▸ HOW TO COMPLETE THIS TASK: Make an exact copy, from the records below, of the lines from the line containing "ALC Elara Tiered" to the line containing "ราคาหุ้น CENTEL วานนี้ดีดตัวขึ้นในปริมาณค่อนข้างมาก", both lines included, excluding pictures.

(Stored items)
-- Opening Marker --
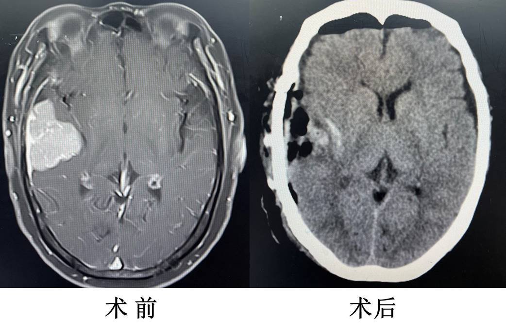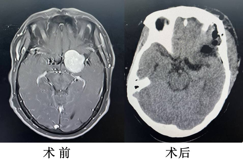 患者头痛困扰半年余,慕名来院就诊,经一系列检查确诊巨大蝶骨嵴内侧脑膜瘤。术前充分准备行显微镜下肿瘤全切。手术过程中应用新引进的神经外科手术重磅利器——神经外科手术超声吸引装置CUSA,肿瘤切除顺利,术后患者快速康复,次日下床活动,四肢活动灵便。CUSA切除肿瘤做到缩短手术时间的同时,不损伤周围血管神经,减少术中血管神经损伤风险。
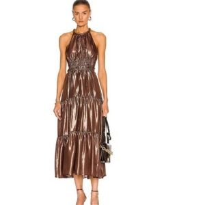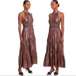 ALC Elara Tiered Silk Metallic Bitter Chocolate Maxi Dress.
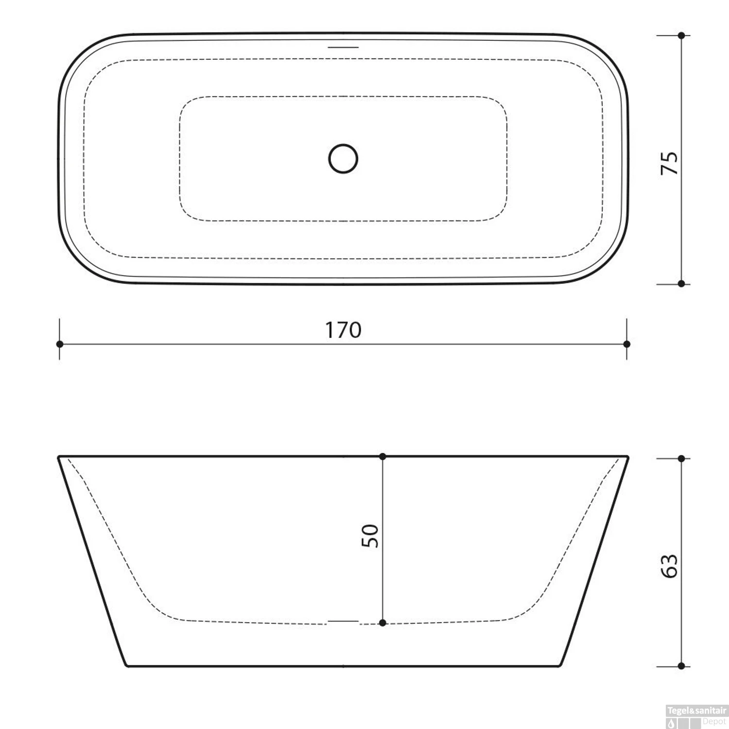 Het bad heeft een lengte van 170 cm, een hoogte van 63 cm en is 75 cm breed. De binnenmaat is 110×40 cm. Inclusief badpoten en overloop.
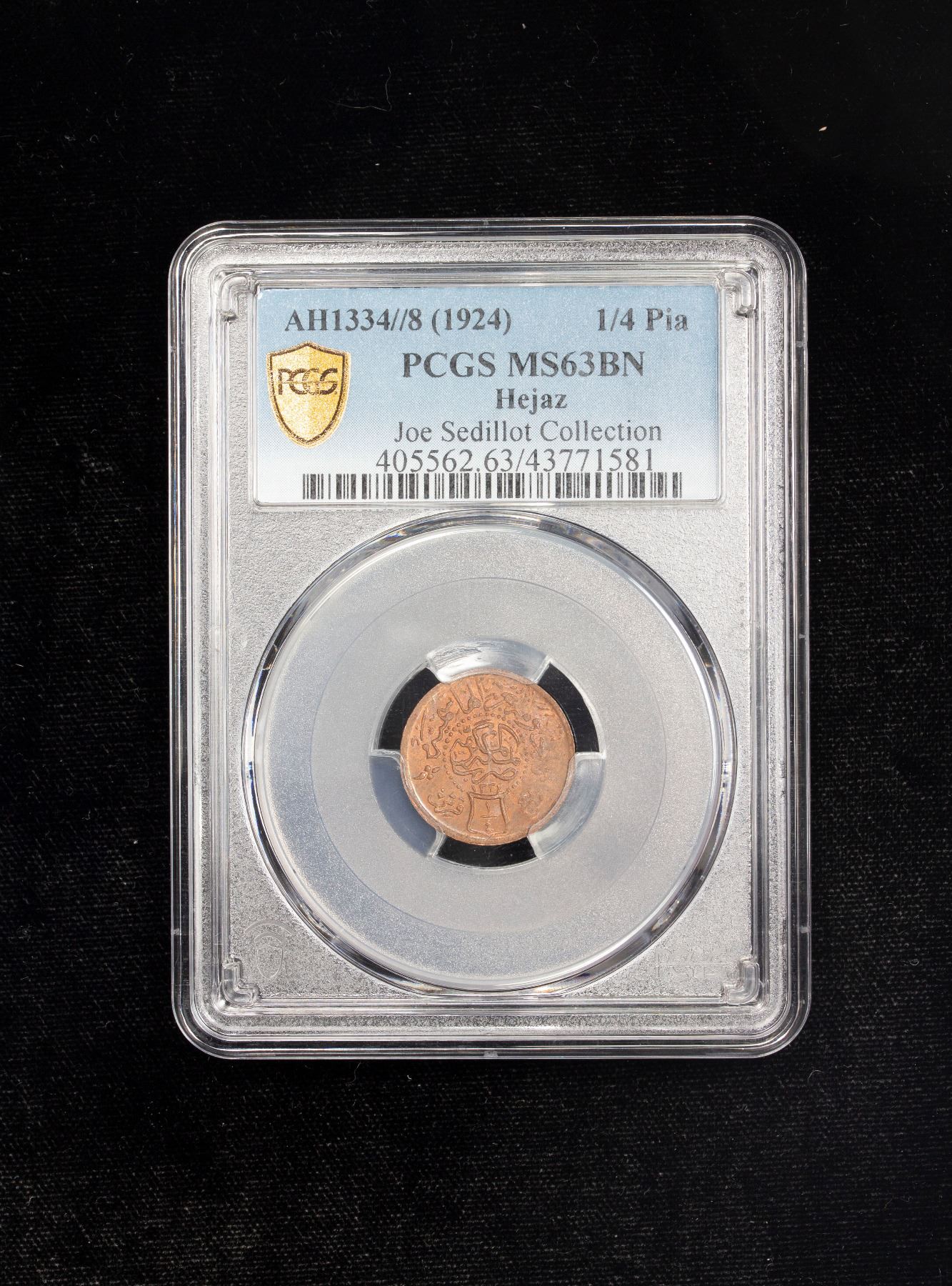 SAUDI ARABIA: HEJAZ: al-Husayn b. 'Ali, 1916-1924, AE ¼ ghirsh, AH1344 year 8, KM-25, Makka al-Mukarrama (Mecca), an attractive mint state example with partial red mint luster, PCGS graded MS63 BN.
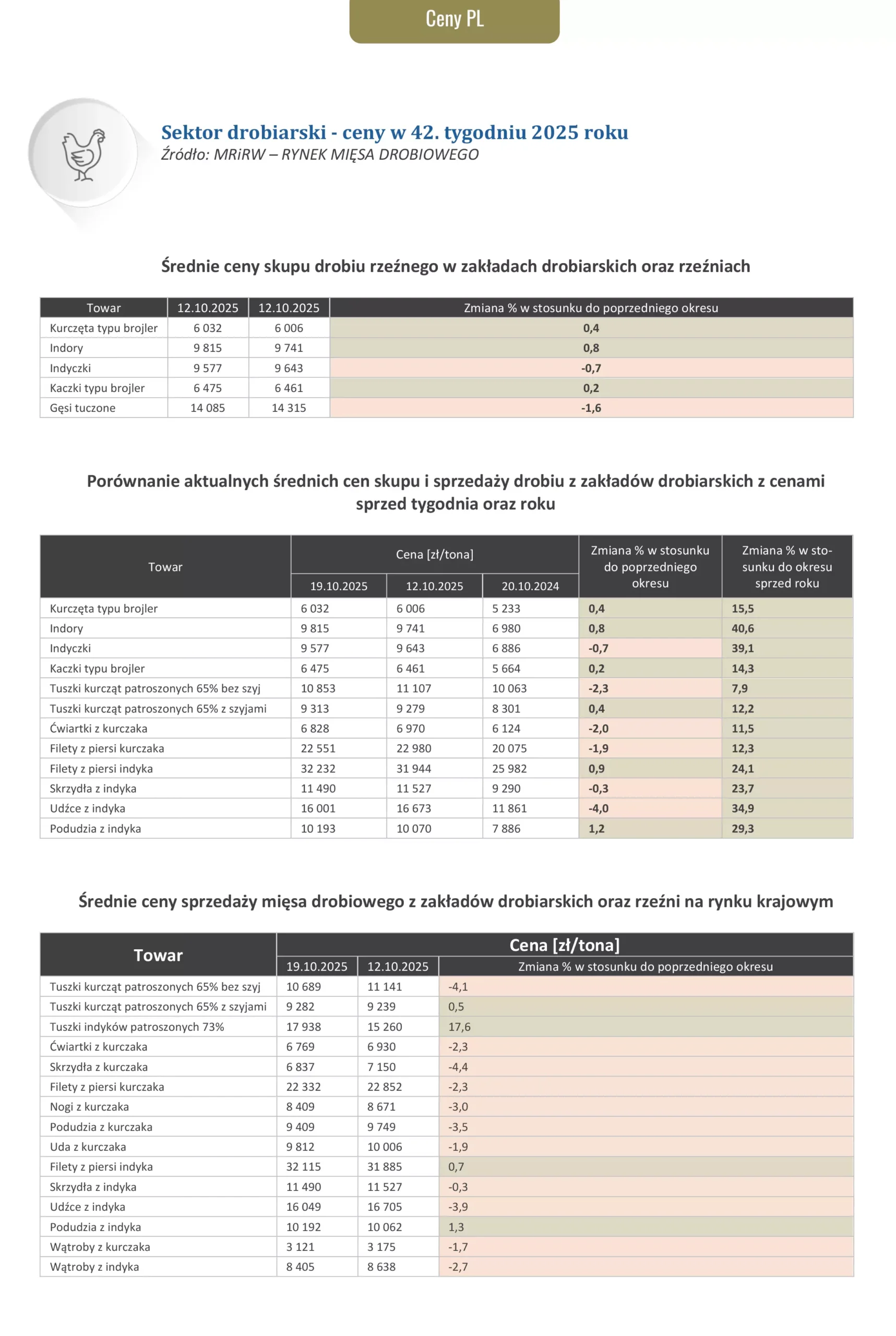 Ceny dotyczące drobiu za okres 13.10.2025 – 19.10.2025
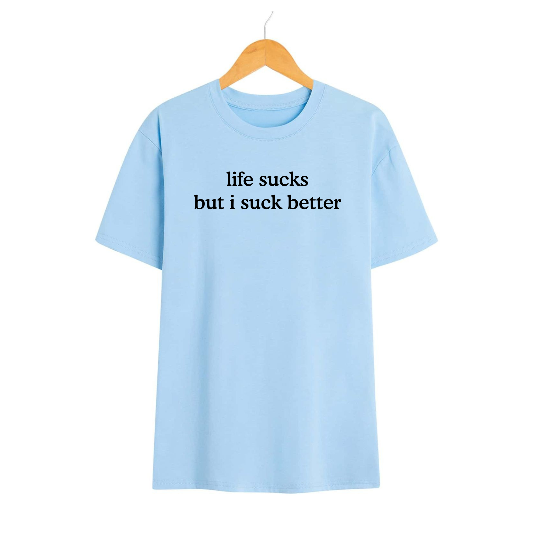 Funny Sarcastic Slogan: Features the bold and humorous "Life Sucks But I Suck Better" message.
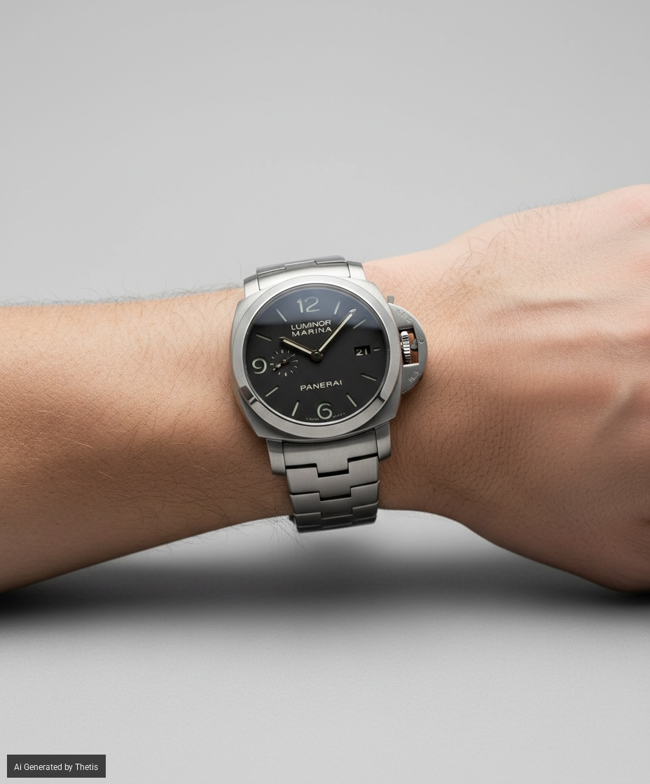 Quadrante nero, indici luminescenti, secondi al 9, data.
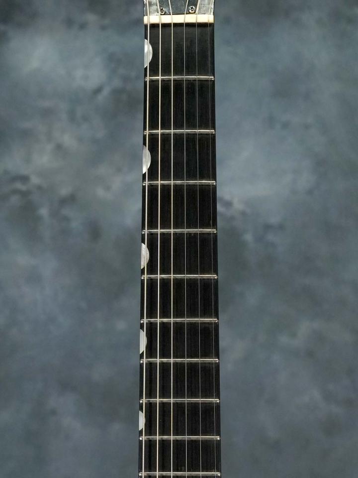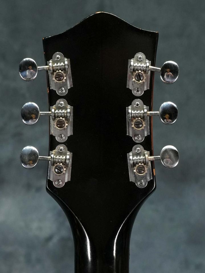 ネックはほぼストレートの丁度良い状態でトラスロッドの効きも良好、ネックジョイントにトラブルが起きやすいGretschですがジョイントの浮きや元起きも無くサドルの調整範囲内で適正な弦高、オリジナルと思われる細身で低いフレットはすり合わせにより全体的に高さの残りは少ないものの、気になるようなビビりや音詰まりも無く演奏性は良好です。
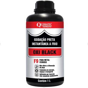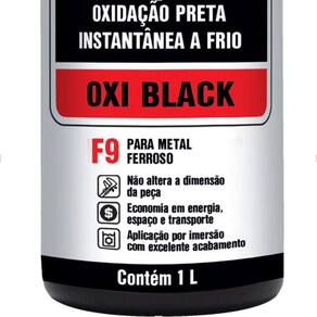 Oxi Black F9 é uma composição de agentes oxidantes fortes, à base de ácidos inorgânicos, que promove a oxidação completa e instantânea de superfícies metálicas, formando uma camada preta de acabamento. Indicado para armamentos, ferramentas, parafusos, porcas, objetos de decoração, etc. Aplicável por imersão da peça na solução de Oxi Black. Fornecido em embalagens plásticas de 1L. Durável, consistente e uniforme. Sem alteração dimensional ou estrutural. Economia de energia (processo a frio). Odor: característico, picante Densidade a 25ºC: 1,05 - 1,20 g/mL Conteúdo: 1L Dimensões: 95 x 200mm Peso: 1,183kg Marca: Tapmatic Modelo: Oxi-Black F9 SKU: 13020
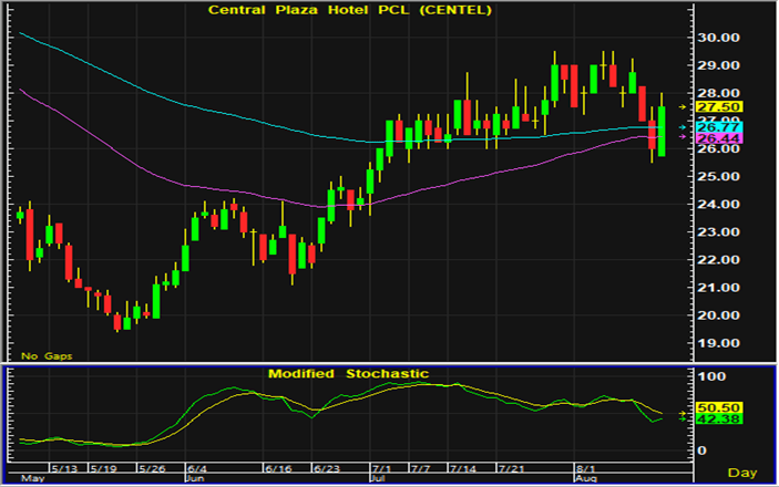 ราคาหุ้น CENTEL วานนี้ดีดตัวขึ้นในปริมาณค่อนข้างมาก ส่งผลให้การเคลื่อนไหวทางเทคนิคกลับมาเคลื่อนไหวในทิศทางฟื้นตัว การเก็งกำไรระยะสั้นแนะนำเปิดสถานะซื้อใกล้แนวรับบริเวณ 26.5-26.75 บาท และมีจุดขายตัดขาดทุนอยู่ที่ 26 บาท
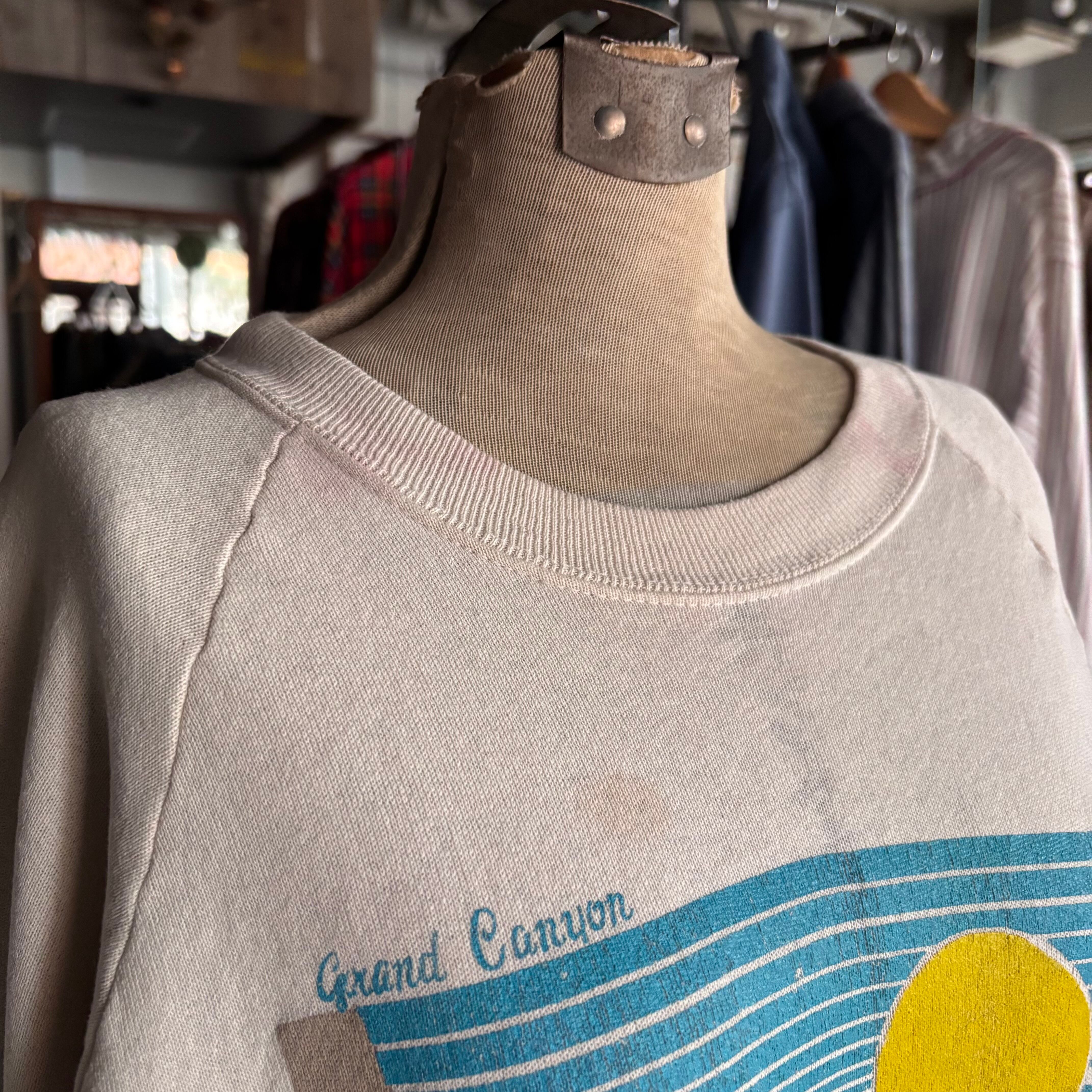 ネックに色染み。プリントのすぐ上に薄染み(画像5枚目をご確認ください)。着込まれたことにより、古着らしいくたびれたコンディション。ビンテージ衣料の雰囲気がお好きな方におすすめです。着用感はございますが、着用に支障のある大きなダメージはございません。(あくまで中古衣料ですので、記載していない小穴や小傷などがある場合がございますが、ヴィンテージ衣料の風合いとして捉えて頂ける方のご購入をお願い致します。)
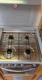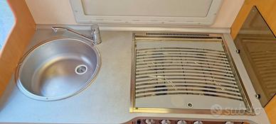 L'ampia e attrezzata cucina offre tutto il necessario per preparare i pasti a bordo. Dispone di un piano cottura a 4 fuochi con copertura in vetro (che funge anche da piano di lavoro aggiuntivo) e di un lavello integrato in acciaio. La dotazione è completata da un forno, un grande frigorifero e ampi cassetti sotto il lavello con chiusura automatica, garantendo praticità e ordine.
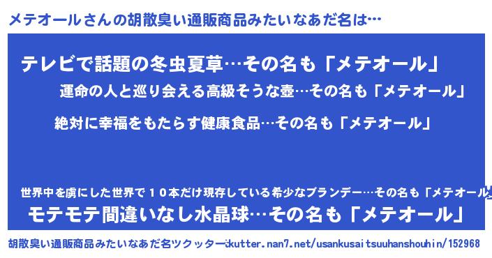| 意味不明あだ名 | 『永久保存メテオール』『自称メテオール』 |
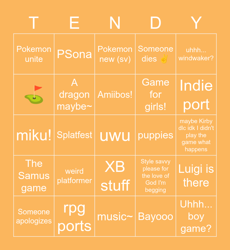 This bingo card has a free space and 24 words: weird platformer, rpg ports, Amiibos!, Someone apologizes, uhhh... windwaker?, Pokemon unite, ⛳️, PSona, puppies, XB stuff, Game for girls!, miku!, Style savvy please for the love of God I'm begging, Luigi is there, A dragon maybe~, Bayooo, maybe Kirby dlc idk I didn't play the game what happens, Pokemon new (sv), Indie port, Splatfest, Uhhh... boy game?, The Samus game, Someone dies ✌️ and music~.
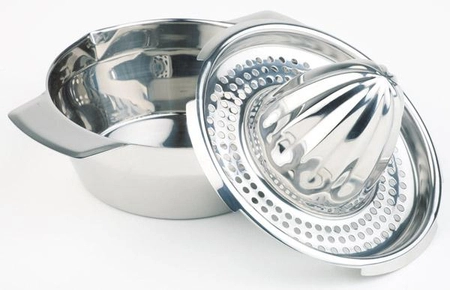 - Dwuczęściowy wyciskacz do cytrusów, wykonany ze stali nierdzewnej polerowanej
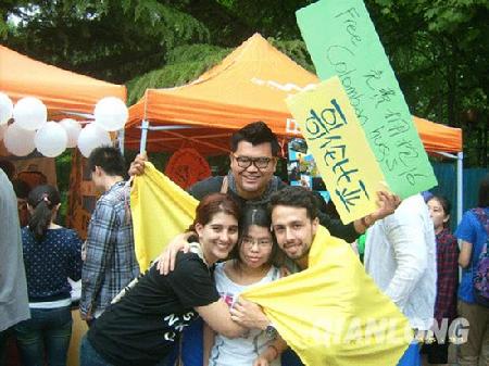 千龙网北京5月11日讯(记者 于振华)今天下午,有着“迷你世博会”之称的北京语言大学第九届世界文化节游园会在北京语言大学拉开帷幕,来自五大洲44个国家和地区的数百名中外学生同台献艺,为中外师生献上了一场文化盛宴。各参展国使馆官员也应邀出席了游园会,游览了五大洲展区。
-- Closing Marker --
▸ ANSWER SECTION:
 ALC Elara Tiered Silk Metallic Bitter Chocolate Maxi Dress.
 Het bad heeft een lengte van 170 cm, een hoogte van 63 cm en is 75 cm breed. De binnenmaat is 110×40 cm. Inclusief badpoten en overloop.
 SAUDI ARABIA: HEJAZ: al-Husayn b. 'Ali, 1916-1924, AE ¼ ghirsh, AH1344 year 8, KM-25, Makka al-Mukarrama (Mecca), an attractive mint state example with partial red mint luster, PCGS graded MS63 BN.
 Ceny dotyczące drobiu za okres 13.10.2025 – 19.10.2025
 Funny Sarcastic Slogan: Features the bold and humorous "Life Sucks But I Suck Better" message.
 Quadrante nero, indici luminescenti, secondi al 9, data.
 ネックはほぼストレートの丁度良い状態でトラスロッドの効きも良好、ネックジョイントにトラブルが起きやすいGretschですがジョイントの浮きや元起きも無くサドルの調整範囲内で適正な弦高、オリジナルと思われる細身で低いフレットはすり合わせにより全体的に高さの残りは少ないものの、気になるようなビビりや音詰まりも無く演奏性は良好です。
 Oxi Black F9 é uma composição de agentes oxidantes fortes, à base de ácidos inorgânicos, que promove a oxidação completa e instantânea de superfícies metálicas, formando uma camada preta de acabamento. Indicado para armamentos, ferramentas, parafusos, porcas, objetos de decoração, etc. Aplicável por imersão da peça na solução de Oxi Black. Fornecido em embalagens plásticas de 1L. Durável, consistente e uniforme. Sem alteração dimensional ou estrutural. Economia de energia (processo a frio). Odor: característico, picante Densidade a 25ºC: 1,05 - 1,20 g/mL Conteúdo: 1L Dimensões: 95 x 200mm Peso: 1,183kg Marca: Tapmatic Modelo: Oxi-Black F9 SKU: 13020
 ราคาหุ้น CENTEL วานนี้ดีดตัวขึ้นในปริมาณค่อนข้างมาก ส่งผลให้การเคลื่อนไหวทางเทคนิคกลับมาเคลื่อนไหวในทิศทางฟื้นตัว การเก็งกำไรระยะสั้นแนะนำเปิดสถานะซื้อใกล้แนวรับบริเวณ 26.5-26.75 บาท และมีจุดขายตัดขาดทุนอยู่ที่ 26 บาท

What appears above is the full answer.